=== Your assignment ===
After locating the line that contains "Krawiec, sprawdzanie wszystkie" in the material below, copy that line and each one following it, exactly, up to the last line. Pictures stay out.

=== Given information ===
⟨

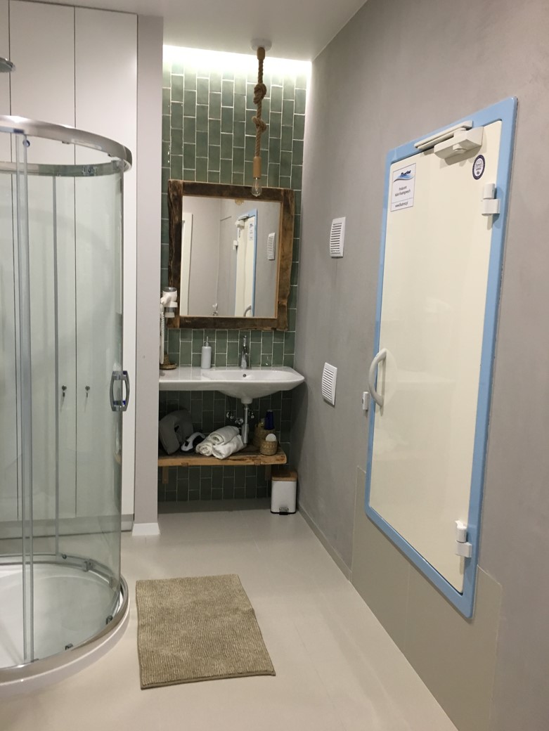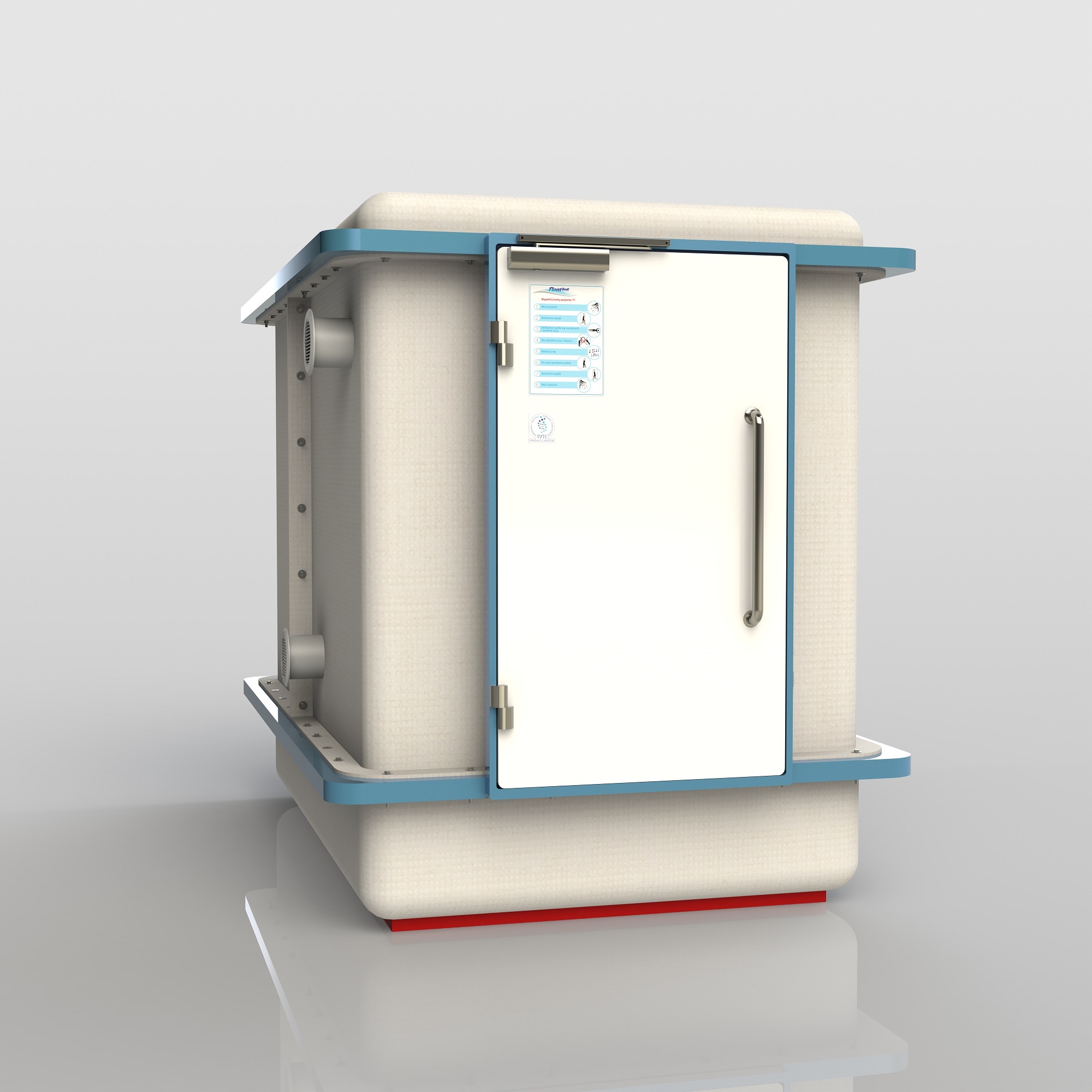 Drzwi mogą być zamontowane w dowolnej ścianie kabiny i otwierane w wybranym kierunku, co pozwala idealnie dopasować urządzenie do układu konkretnego pomieszczenia oraz zagwarantować komfort dla gości w obiekcie. Dodatkowo wewnątrz i przy wejściu umieszczono ergonomiczne uchwyty, ułatwiające bezpieczne wchodzenie i wychodzenie z kabiny, również osobom o ograniczonej sprawności ruchowej.
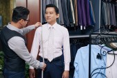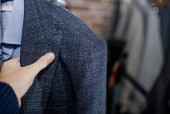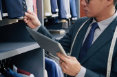 Krawiec, sprawdzanie wszystkie szczegóły nowej kurtki
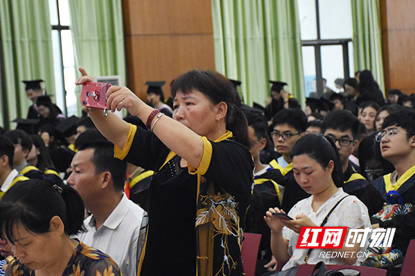 到场家长拿出手机记录下孩子的重要时刻。
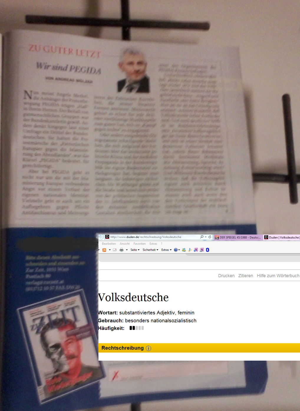 Es ist wieder einmal bezeichnend, daß Andreas Mölzer den Begriff Volksdeutsche verwendet. Die Geschichte des Begriffes ist leicht zu recherchieren, und die Suchergebnisse werden nicht überraschen. Es wäre tatsächlich überraschend, wenn es bei einem aus der identitären Gemein-Schaft einmal anders wäre … Der Duden beispielsweise führt für den Begriff Volksdeutsche an: „Gebrauch: besonders nationalsozialistisch“ …

⟩

=== Exercise answer ===
 Krawiec, sprawdzanie wszystkie szczegóły nowej kurtki
 到场家长拿出手机记录下孩子的重要时刻。
 Es ist wieder einmal bezeichnend, daß Andreas Mölzer den Begriff Volksdeutsche verwendet. Die Geschichte des Begriffes ist leicht zu recherchieren, und die Suchergebnisse werden nicht überraschen. Es wäre tatsächlich überraschend, wenn es bei einem aus der identitären Gemein-Schaft einmal anders wäre … Der Duden beispielsweise führt für den Begriff Volksdeutsche an: „Gebrauch: besonders nationalsozialistisch“ …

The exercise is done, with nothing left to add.